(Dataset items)
'''

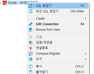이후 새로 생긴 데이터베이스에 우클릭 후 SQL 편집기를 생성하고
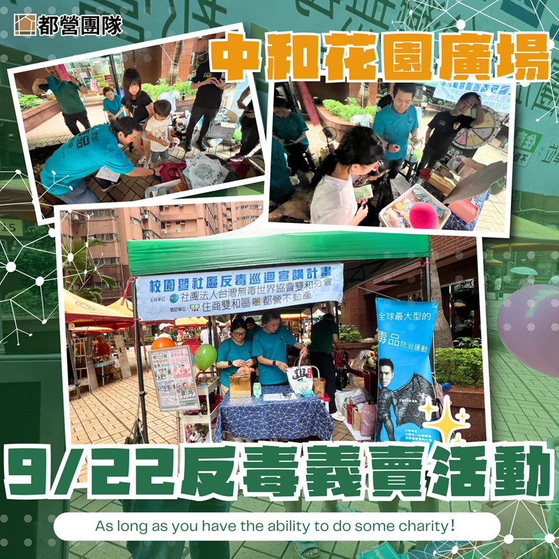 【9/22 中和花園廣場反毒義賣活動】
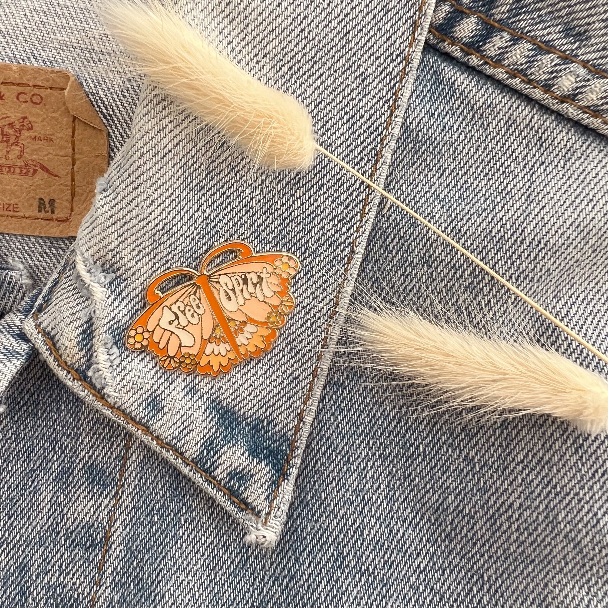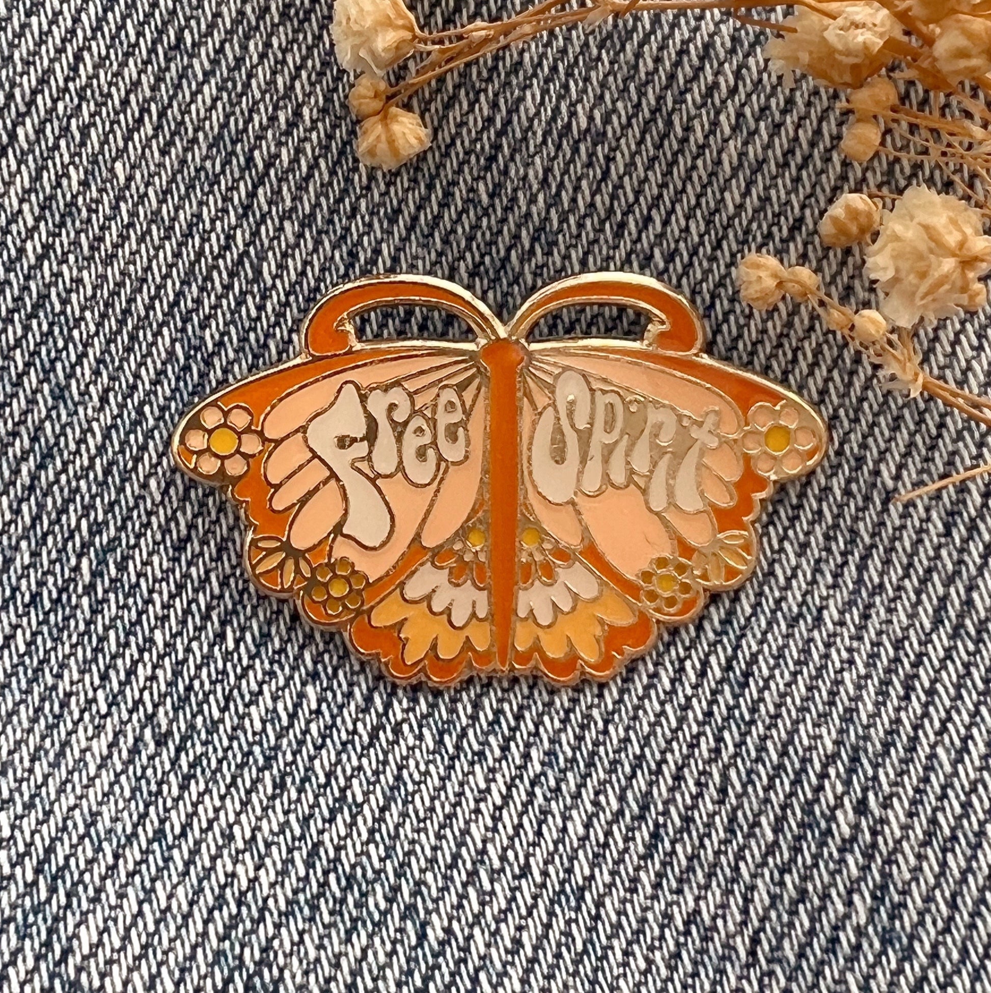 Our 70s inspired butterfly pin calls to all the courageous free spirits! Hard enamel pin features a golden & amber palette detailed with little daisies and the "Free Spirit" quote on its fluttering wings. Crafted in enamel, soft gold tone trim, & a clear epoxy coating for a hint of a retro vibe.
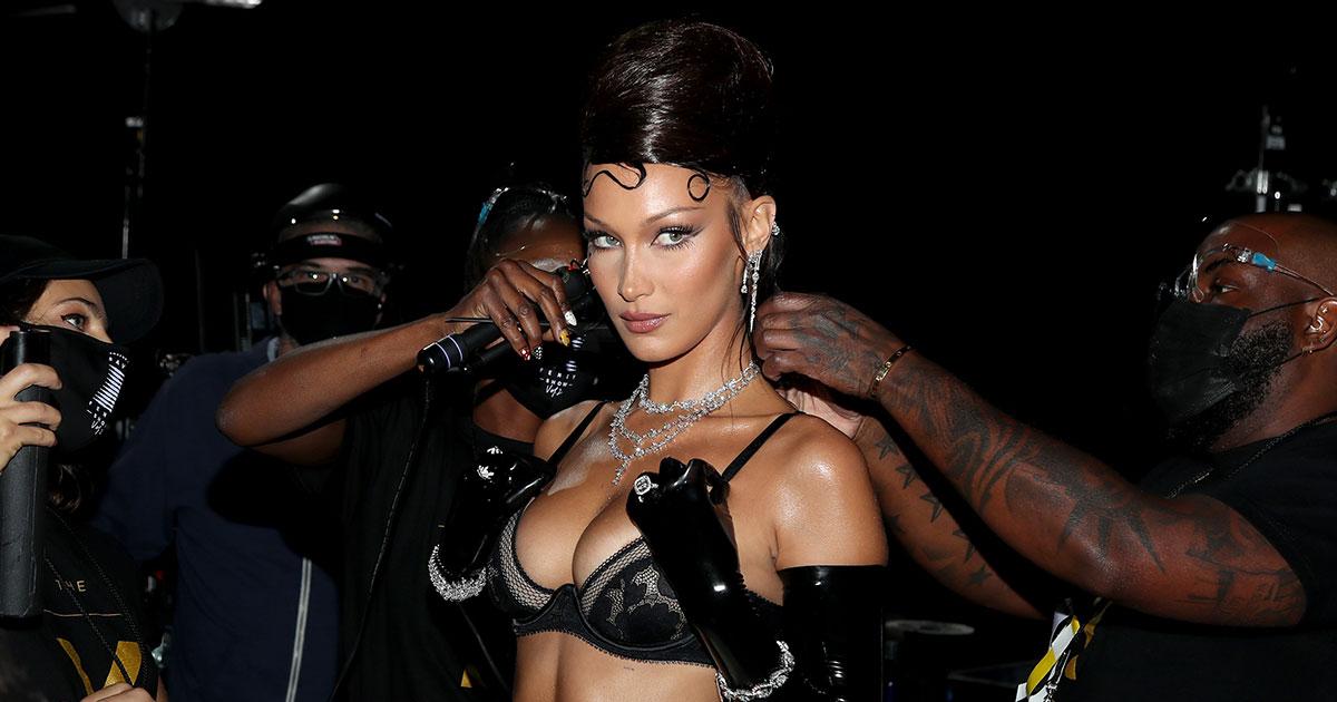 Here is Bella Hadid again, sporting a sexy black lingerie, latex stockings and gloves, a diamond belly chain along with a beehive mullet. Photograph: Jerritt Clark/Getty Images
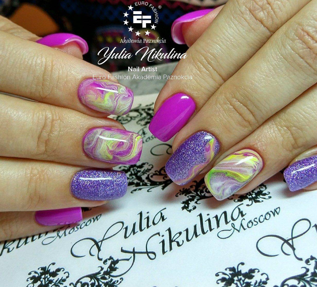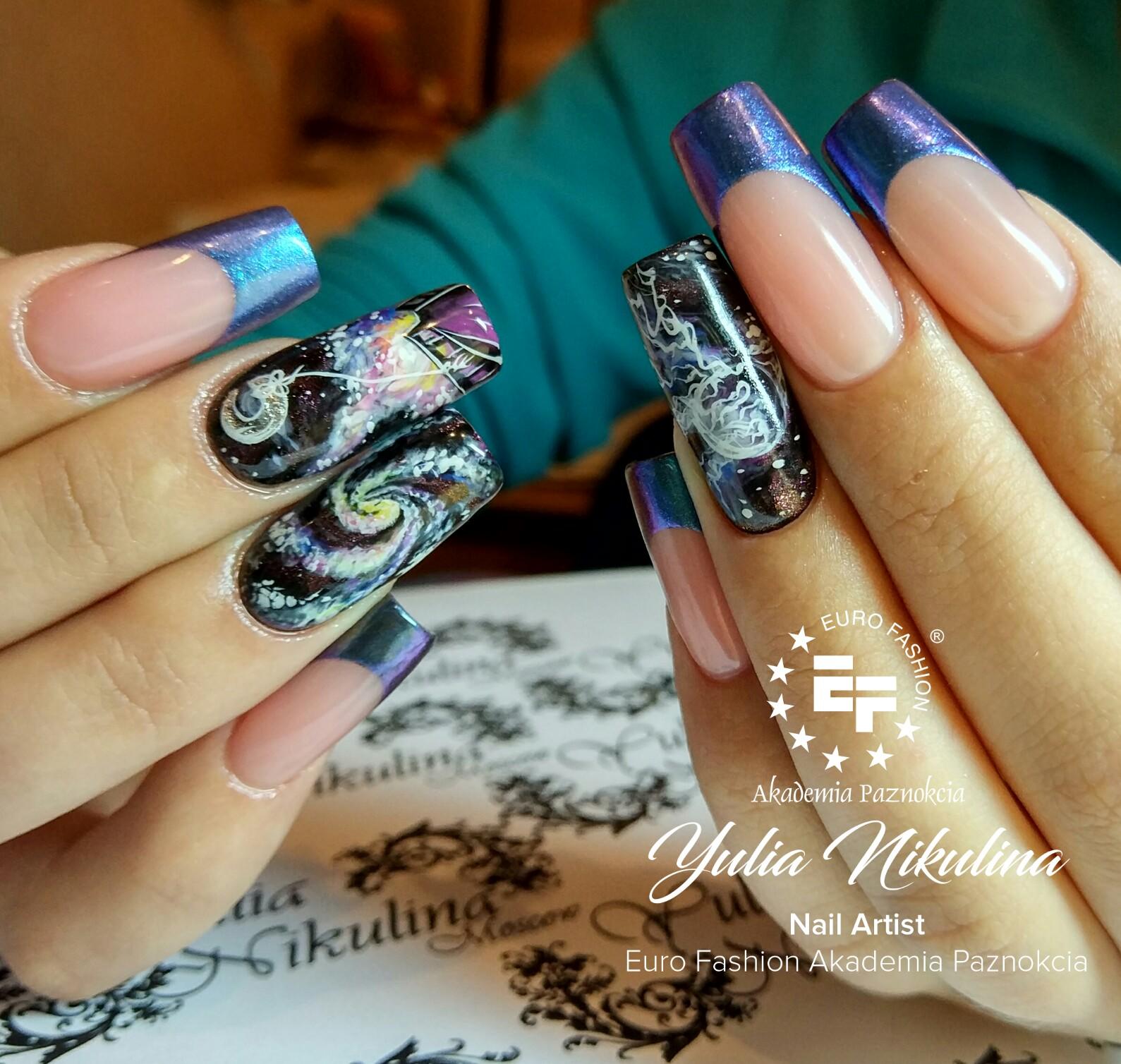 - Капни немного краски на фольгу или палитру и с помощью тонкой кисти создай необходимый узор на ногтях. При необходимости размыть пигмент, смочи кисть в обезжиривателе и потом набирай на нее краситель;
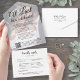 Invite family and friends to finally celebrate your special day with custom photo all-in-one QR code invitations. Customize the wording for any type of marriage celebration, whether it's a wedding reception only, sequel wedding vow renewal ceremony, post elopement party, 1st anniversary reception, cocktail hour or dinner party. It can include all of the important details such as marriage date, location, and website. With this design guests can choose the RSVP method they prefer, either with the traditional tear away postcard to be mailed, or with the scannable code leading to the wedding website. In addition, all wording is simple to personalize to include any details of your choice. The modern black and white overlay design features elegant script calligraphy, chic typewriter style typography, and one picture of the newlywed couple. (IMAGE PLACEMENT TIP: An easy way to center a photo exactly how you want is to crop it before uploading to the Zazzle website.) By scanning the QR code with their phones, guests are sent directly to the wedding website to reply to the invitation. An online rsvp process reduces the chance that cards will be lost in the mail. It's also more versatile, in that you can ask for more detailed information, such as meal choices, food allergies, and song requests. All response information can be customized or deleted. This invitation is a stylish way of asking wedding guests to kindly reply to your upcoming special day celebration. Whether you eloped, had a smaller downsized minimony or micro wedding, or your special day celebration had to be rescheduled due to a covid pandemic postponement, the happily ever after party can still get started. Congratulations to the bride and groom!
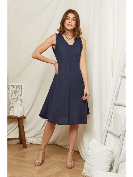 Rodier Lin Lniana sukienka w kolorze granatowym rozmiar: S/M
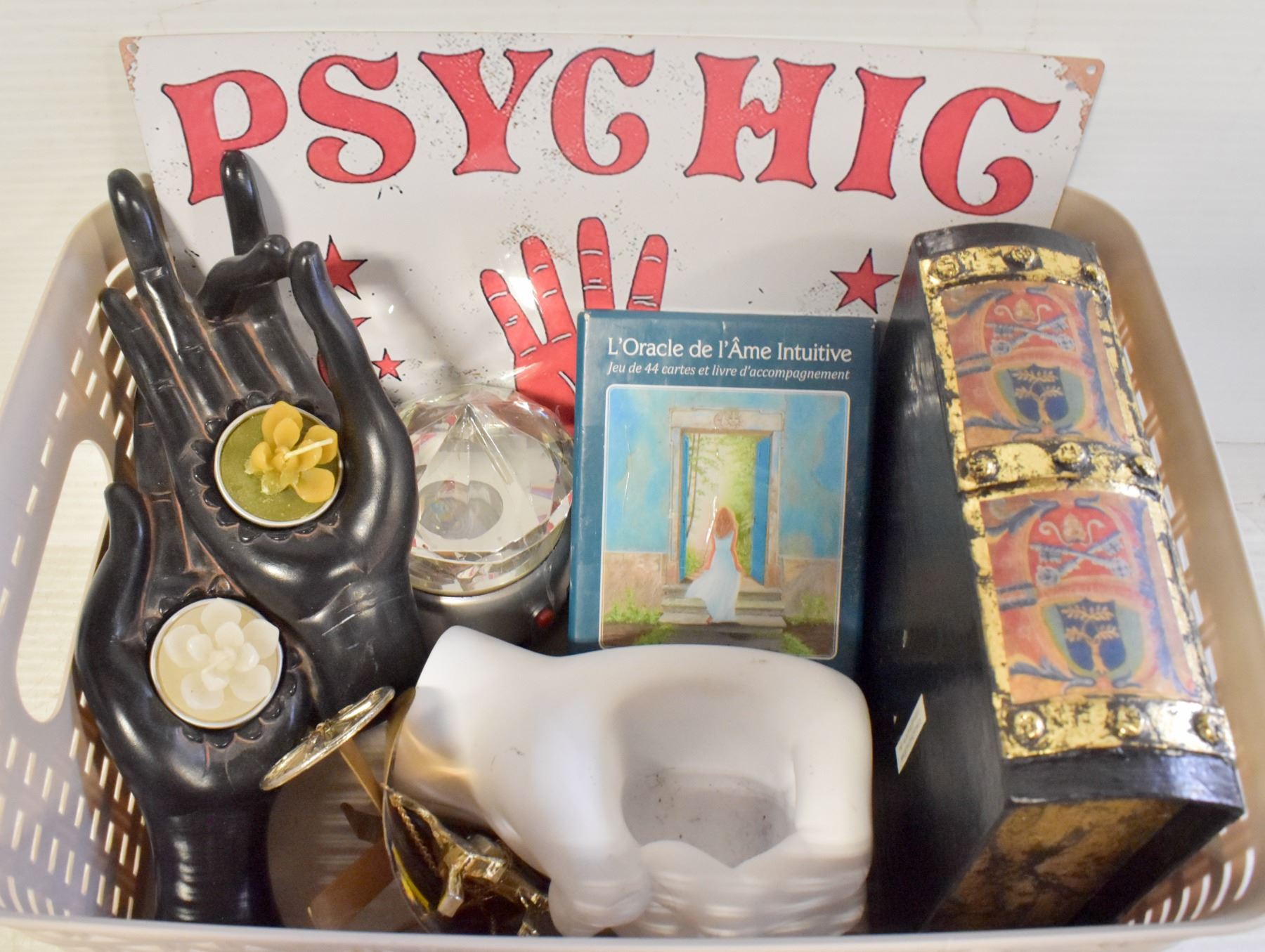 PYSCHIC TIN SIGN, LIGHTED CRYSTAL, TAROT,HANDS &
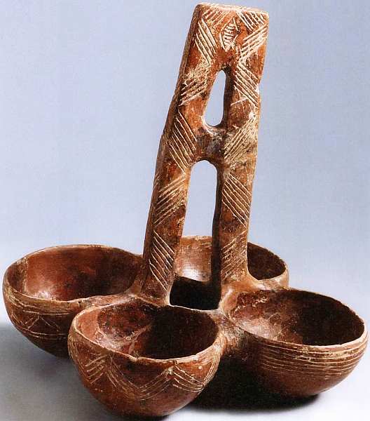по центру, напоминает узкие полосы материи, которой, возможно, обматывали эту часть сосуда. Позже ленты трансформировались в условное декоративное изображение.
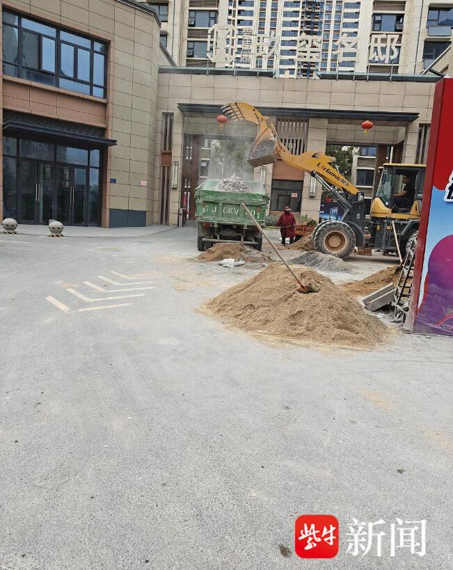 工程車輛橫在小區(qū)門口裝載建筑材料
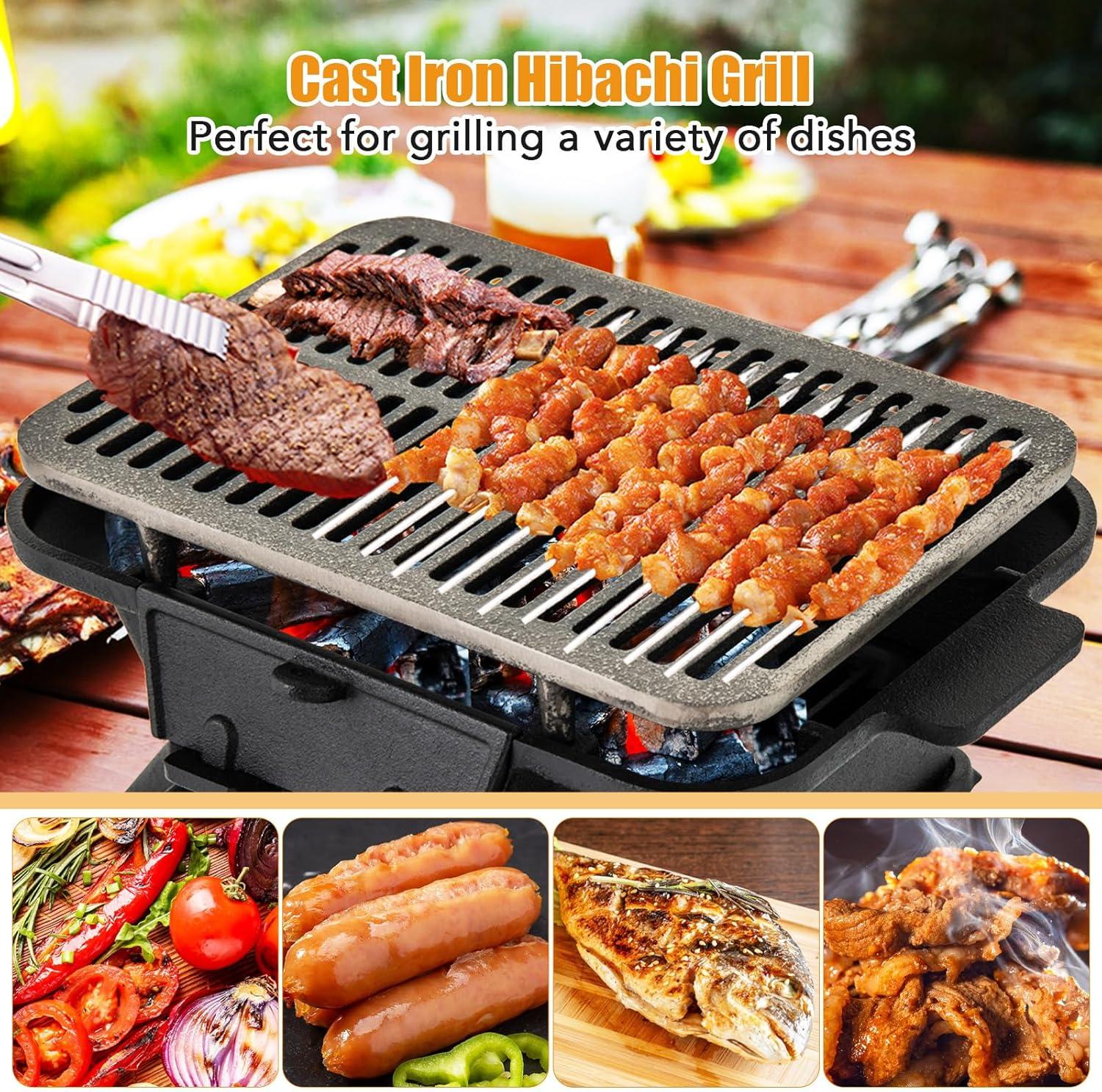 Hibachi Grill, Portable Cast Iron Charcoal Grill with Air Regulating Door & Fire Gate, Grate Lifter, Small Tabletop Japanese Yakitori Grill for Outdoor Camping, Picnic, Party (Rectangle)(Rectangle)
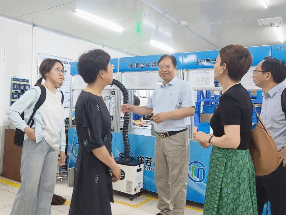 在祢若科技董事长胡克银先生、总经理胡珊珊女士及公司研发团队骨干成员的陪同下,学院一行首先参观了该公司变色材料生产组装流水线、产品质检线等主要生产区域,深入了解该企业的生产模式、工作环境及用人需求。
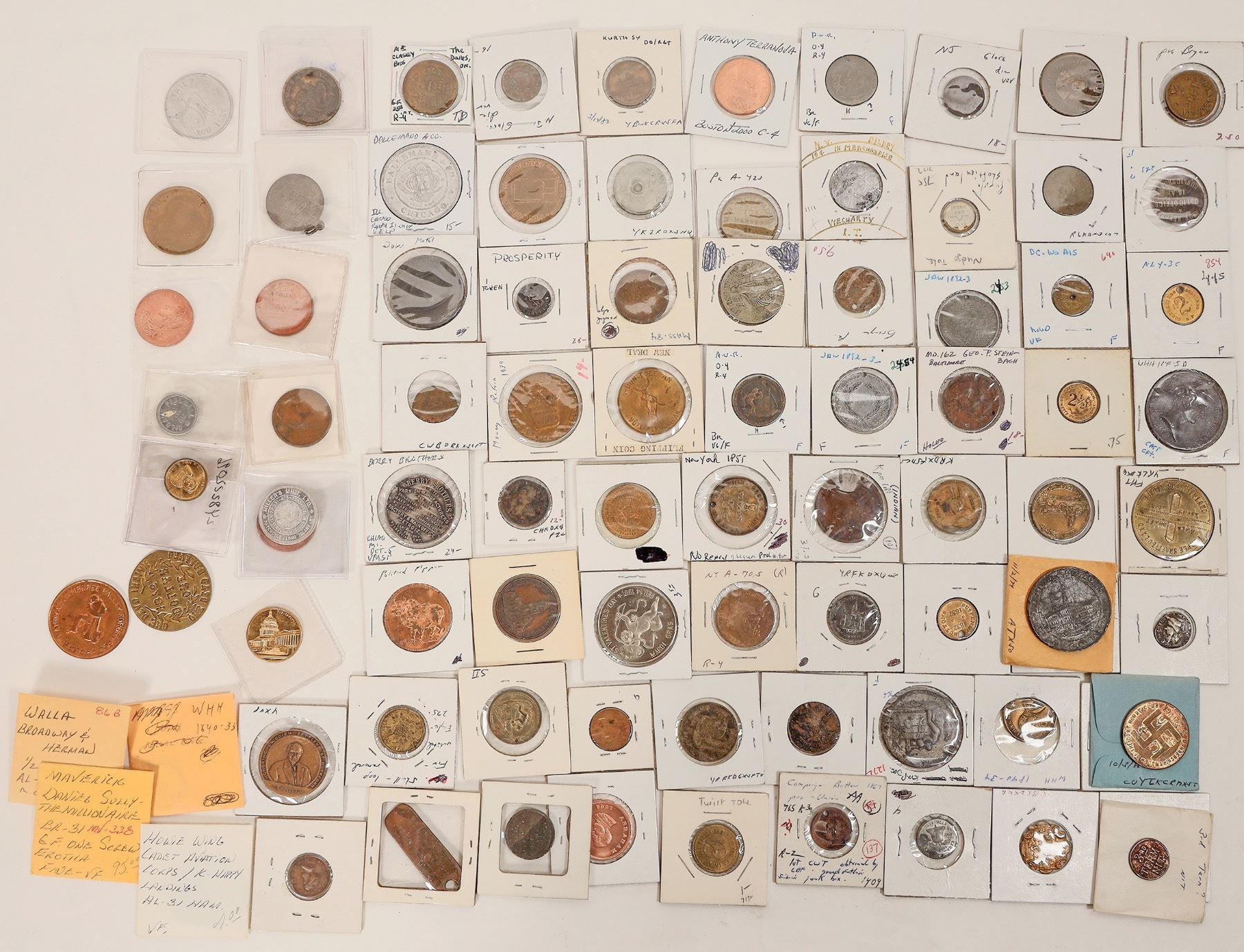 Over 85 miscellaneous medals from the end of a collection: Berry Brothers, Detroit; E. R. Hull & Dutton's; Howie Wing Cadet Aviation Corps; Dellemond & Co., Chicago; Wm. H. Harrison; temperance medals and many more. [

'''

WHAT THE TASK ASKS:
Every record is to be reproduced exactly, with no pictures included.

PROBLEM SOLUTION:
이후 새로 생긴 데이터베이스에 우클릭 후 SQL 편집기를 생성하고
 【9/22 中和花園廣場反毒義賣活動】
 Our 70s inspired butterfly pin calls to all the courageous free spirits! Hard enamel pin features a golden & amber palette detailed with little daisies and the "Free Spirit" quote on its fluttering wings. Crafted in enamel, soft gold tone trim, & a clear epoxy coating for a hint of a retro vibe.
 Here is Bella Hadid again, sporting a sexy black lingerie, latex stockings and gloves, a diamond belly chain along with a beehive mullet. Photograph: Jerritt Clark/Getty Images
 - Капни немного краски на фольгу или палитру и с помощью тонкой кисти создай необходимый узор на ногтях. При необходимости размыть пигмент, смочи кисть в обезжиривателе и потом набирай на нее краситель;
 Invite family and friends to finally celebrate your special day with custom photo all-in-one QR code invitations. Customize the wording for any type of marriage celebration, whether it's a wedding reception only, sequel wedding vow renewal ceremony, post elopement party, 1st anniversary reception, cocktail hour or dinner party. It can include all of the important details such as marriage date, location, and website. With this design guests can choose the RSVP method they prefer, either with the traditional tear away postcard to be mailed, or with the scannable code leading to the wedding website. In addition, all wording is simple to personalize to include any details of your choice. The modern black and white overlay design features elegant script calligraphy, chic typewriter style typography, and one picture of the newlywed couple. (IMAGE PLACEMENT TIP: An easy way to center a photo exactly how you want is to crop it before uploading to the Zazzle website.) By scanning the QR code with their phones, guests are sent directly to the wedding website to reply to the invitation. An online rsvp process reduces the chance that cards will be lost in the mail. It's also more versatile, in that you can ask for more detailed information, such as meal choices, food allergies, and song requests. All response information can be customized or deleted. This invitation is a stylish way of asking wedding guests to kindly reply to your upcoming special day celebration. Whether you eloped, had a smaller downsized minimony or micro wedding, or your special day celebration had to be rescheduled due to a covid pandemic postponement, the happily ever after party can still get started. Congratulations to the bride and groom!
 Rodier Lin Lniana sukienka w kolorze granatowym rozmiar: S/M
 PYSCHIC TIN SIGN, LIGHTED CRYSTAL, TAROT,HANDS &
по центру, напоминает узкие полосы материи, которой, возможно, обматывали эту часть сосуда. Позже ленты трансформировались в условное декоративное изображение.
 工程車輛橫在小區(qū)門口裝載建筑材料
 Hibachi Grill, Portable Cast Iron Charcoal Grill with Air Regulating Door & Fire Gate, Grate Lifter, Small Tabletop Japanese Yakitori Grill for Outdoor Camping, Picnic, Party (Rectangle)(Rectangle)
 在祢若科技董事长胡克银先生、总经理胡珊珊女士及公司研发团队骨干成员的陪同下,学院一行首先参观了该公司变色材料生产组装流水线、产品质检线等主要生产区域,深入了解该企业的生产模式、工作环境及用人需求。
 Over 85 miscellaneous medals from the end of a collection: Berry Brothers, Detroit; E. R. Hull & Dutton's; Howie Wing Cadet Aviation Corps; Dellemond & Co., Chicago; Wm. H. Harrison; temperance medals and many more. [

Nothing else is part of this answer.